Okay. Well there was the parade. Then there was Peoria, which we missed most of and I never did find a yarn store, although the kids had a couple of nice walks along the river.

There were hawks.

And I've kind of been in a seminar for the past week (where Diane and I have unearthed another knitter!) and it goes on into next week and the week after, so there was preparing for that. A lot of preparing for that. Reams of it. Stacks of it. My dining room table and parts of the floor are missing and I keep losing things. Like Clare's current reading which disappeared Thursday and that I released uncovered today.

But I digress. You want knitting, don't you? I considered having Clare pinch hit, but I think her knitting is not ready for Prime Time and I do have two knitting stories I can tell you. How about one tonight and then let's see if I can get back here at some point tomorrow (before I have to finish prepping for next week) and tell you the second.

When last seen, I was setting myself up for Myrna Stahman's Fenna shawl, yes? Ah, yes (I checked the Blog). When we left for Peoria -- in the dark and into a steady downpour that devolved into a thunderstorm (not conducive to travel knitting, garter-stitch or no garter stitch) -- I had only knit the back neck-band. Note the cleverness of the construction implicit in that statement.
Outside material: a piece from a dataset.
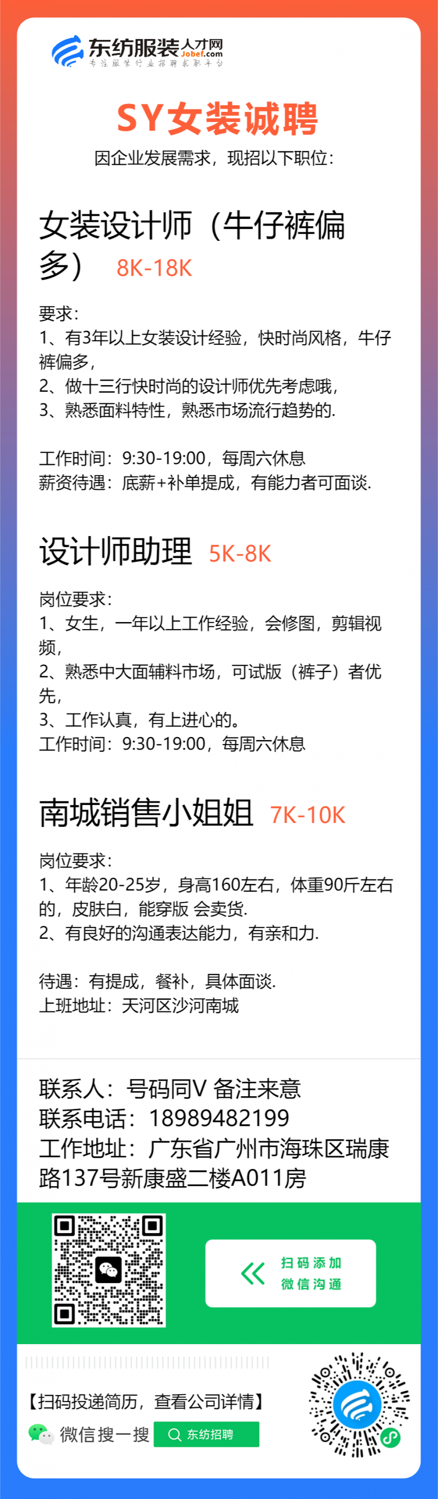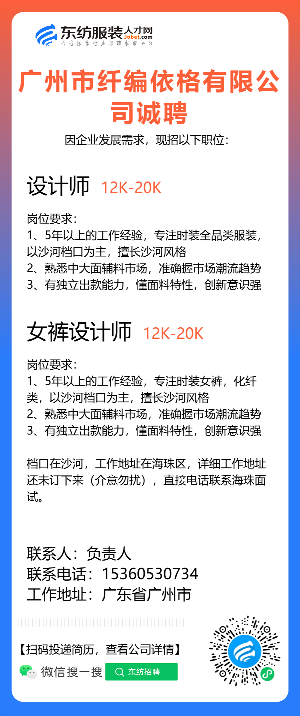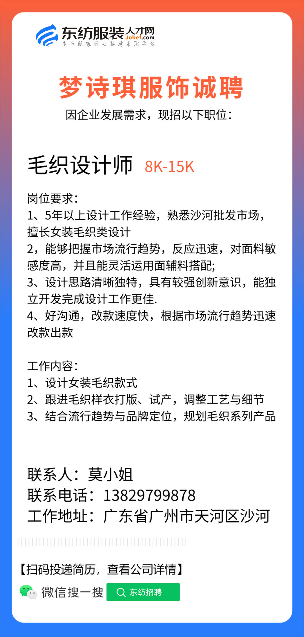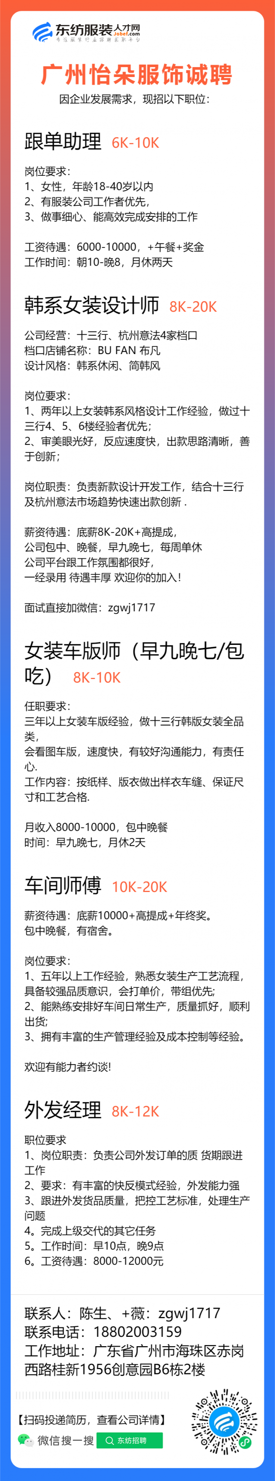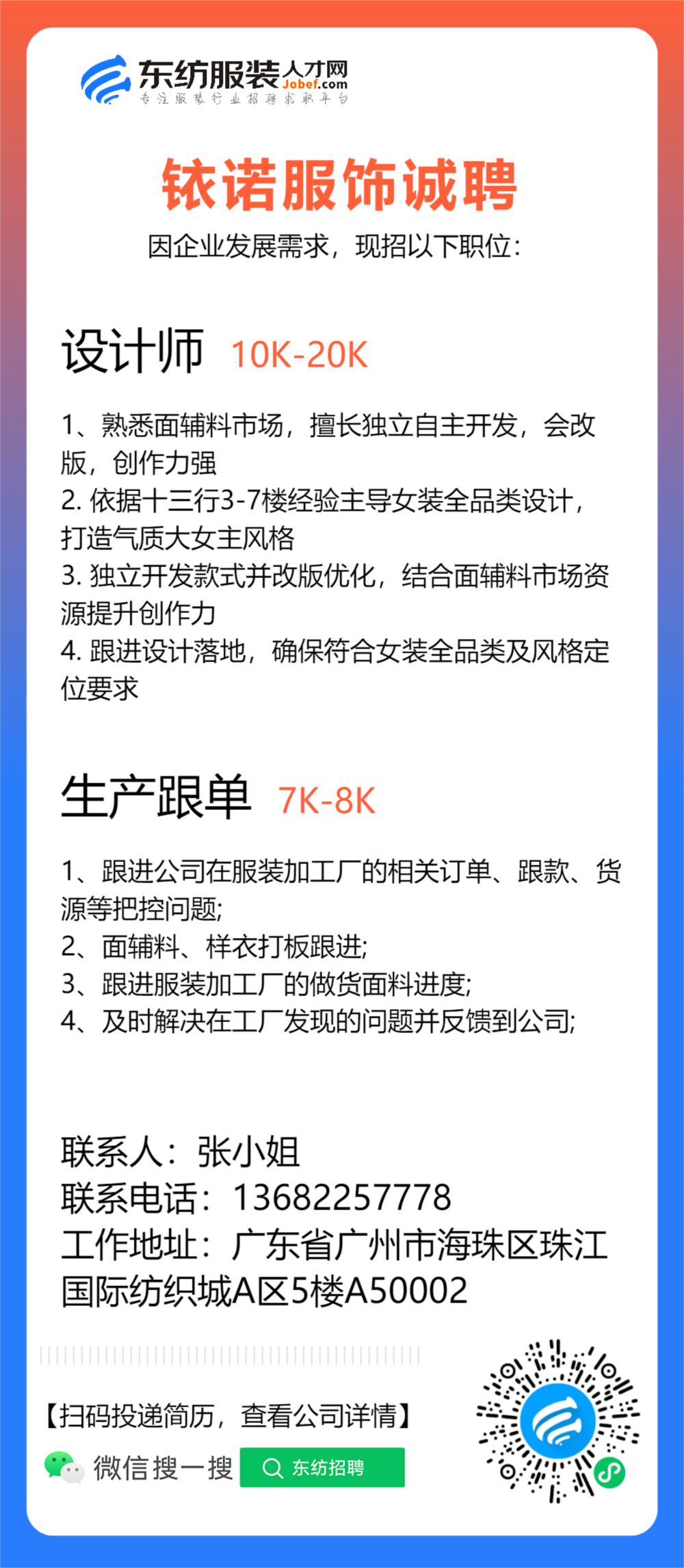 服装设计师/女装设计师/车版师/样衣工/跟单助理/销售/业务员/外贸跟单/采购助理/纸样师/打版师/QC质检/生产跟单/采购/采购主管/外贸业务员//电商运营/跟单文员/外贸销售跟单
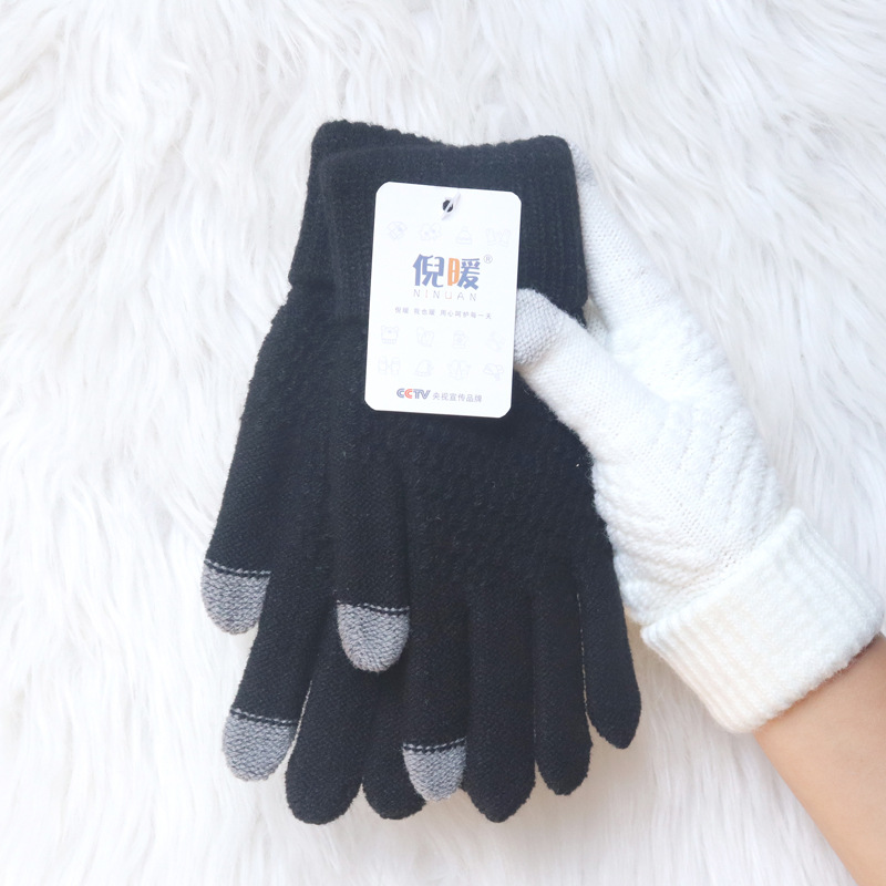 장갑 여자의 겨울 기모 두꺼운 이중 나사 감기 방지 귀여운 승마 터치 스크린 울 니트 따뜻한 장갑 도매

This is a faroese shawl from the top down. After a short provisional cast-on, she has you knit the border that will rest at the back of your neck, pick up those stitches, release the provisional cast-on and then start knitting the body of the shawl. The border stitches of the shawl carry on from that neckband. The first 15 to 20 rows are filled with excitement. Yarn-overs and mirror-image make-1 increases a la Elizabeth Zimmermann while you shape the shoulders. Then everything settles down into lovely swaths of garter stitch.

Lovely, of course, if you have the right yarn. Which the Fleece Artist Blue Face Leicester most decidedly is. Despite a day spent in fruitless searches for a yarn store and having to attend Functions as a Lawyer's Spouse, this is what I had when we left Peoria.

I tell you, nothing like a good minor league baseball game (the home team won) to help you churn through garter stitch. Or is it, nothing like a bout of garter stitch to get you through a minor league baseball game?